Zadeh has asked for the wisdom of the Perl Monks concerning the following question:

As an ad-hoc method, it's been common in some perl apps I use to maintain an ever-larger list of extensions (.c, .cpp, .h, .pl, ...) to recognize if a file is source code. I can think of a number of problems with this approach:

1) All files have to have an extension. It's not uncommon for people to save scripts and makefiles without one.
2) There's an implicit assumption that there is a one-to-one mapping between each unique extension and the kind of content it should have.
3) You have to continually maintain a list of these extensions.

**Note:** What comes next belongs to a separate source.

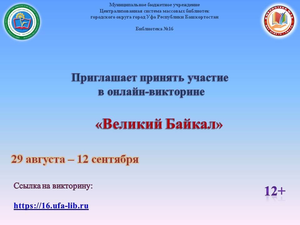 Библиотека № 16 МБУ Централизованной системы массовых библиотек ГО г. Уфа РБ проводит онлайн-викторину «Великий Байкал», посвященную уникальному месту, одному из неповторимых чудес планеты - озеру Байкал.

There's got to be a better way. From within *nix I might often do something like this

$ file -s some_file.c

and then see:

some_file.c: ASCII C program text

This brings me to some more questions: Is there a nice tidy perl module to accomplish this effect? If not, how best to implement it?

Replies are listed 'Best First'.
Re: How best to identify & Categorizing Source Code?
by perrin (Chancellor) on Mar 31, 2008 at 22:50 UTC
      I made a go at this initially, but the only thing it returns so far is "text/plain" which doesn't help much. What am I missing?
        It should be using a technique very similar to the "file" command. Try feeding it your /etc/magic file.
Re: How best to identify & Categorize Source Code?
by apl (Monsignor) on Apr 01, 2008 at 09:55 UTC
    If you're on *nix, you could read the first line to see what compiler/interpreter/shell is invoked....
Re: How best to identify & Categorize Source Code?
by Arunbear (Prior) on Apr 01, 2008 at 18:40 UTC
    There is File::Comments, though it is alpha software according to its docs. Alternatively there is File for Windows which may be useful if you're on win32.
Re: How best to identify & Categorize Source Code?
by Errto (Vicar) on Apr 01, 2008 at 19:36 UTC
    Try File::Type. I've used it only a bit, but it at least claims to fix some of the problems with File::MMagic.